Но появились другие странности, он назвал их «странностями пространства», и от них он уже не смог избавиться никогда.
К нему подходит врач и протягивает руку – он не знает, какую руку ему подать; он хочет сесть на стул и промахивается: стул стоит гораздо левее, чем это ему кажется; он начинает есть – вилка его не слушается и попадает мимо куска мяса; а ложка – с ложкой происходит что-то непонятное: она не хочет вести себя правильно, располагается ребром, и суп выливается из нее…
Это началось еще давно, в госпитале, продолжается и дальше и длится долгие, долгие годы…
«Узнав мое имя, врач сказал: „Ну, здравствуй, Лева!“ – и подает мне руку. А я никак не попаду своей рукой в его пальцы. Тогда он снова говорит мне: „Ну, здравствуй же, Лева!“ – и он снова подает мне свою руку. А я, как нарочно, позабыл про правую руку, которую в это время не видел, и подаю ему левую руку…
Я спохватился и начинаю подавать ему свою правую руку, но почему-то никак не могу правильно подать ему руку, и рука попадает ему только на один мой палец. Тогда он снова отрывает мою руку и снова говорит: „Ну, здравствуй еще раз!“ – и он мне снова подает свою руку, и я снова неправильно с ним поздоровался. Тогда он берет мою руку и показывает мне, как нужно правильно здороваться…
После ранения я иногда сразу не сажусь на стул, или на табуретку, или на диван. Я сначала посмотрю на него, а потом, когда начинаю усаживаться, вдруг еще раз хватаюсь за стул с некоторым испугом, боюсь, что я сажусь на пол.
…Иногда бывает и так, что я начинаю садиться и падаю на пол, потому что, оказывается, стул далеко не около меня».
Особенно мучительно эти «странности пространства» проявляются за столом.

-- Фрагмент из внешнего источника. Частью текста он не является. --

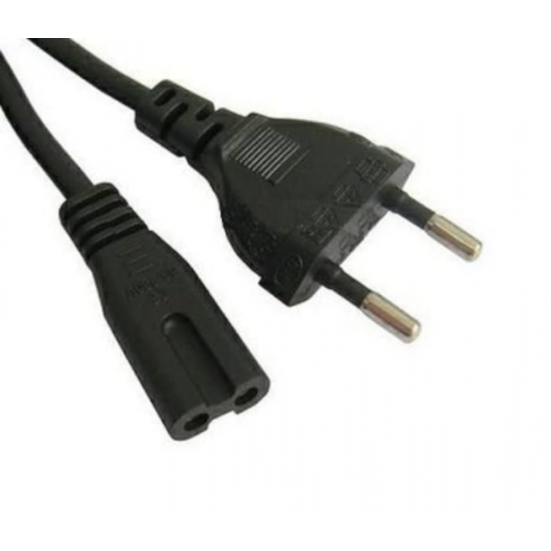 Este cable de corriente universal está diseñado para proporcionar una conexión eléctrica fiable a una amplia variedad de dispositivos electrónicos que utilizan el conector Tipo 8 (también conocido como IEC C7 o "figura 8"). Con una longitud de 1 metro, ofrece la flexibilidad necesaria para conectar sus aparatos a la toma de corriente sin exceso de cableado, siendo ideal para configuraciones domésticas o de oficina.

Вот он садится за стол, хочет писать – карандаш не слушается его: он не знает, как его держать; он садится обедать, но как взять нож, вилку, как держать ложку?… Нет, он действительно забыл самые простые навыки…
«Вот я держу в руках карандаш – и не знаю, что с ним делать, как с ним обращаться… Я разучился пользоваться, владеть им.
…Я пытаюсь ложкой поесть „первое“, но рука, ложка, рот не слушаются меня, промахиваются. Я медленно шевелю рукой, ложкой, тарелкой, обливаюсь, пачкаюсь…, руку с ложкой подставляю к щеке, к носу, а в рот никак не попаду точно…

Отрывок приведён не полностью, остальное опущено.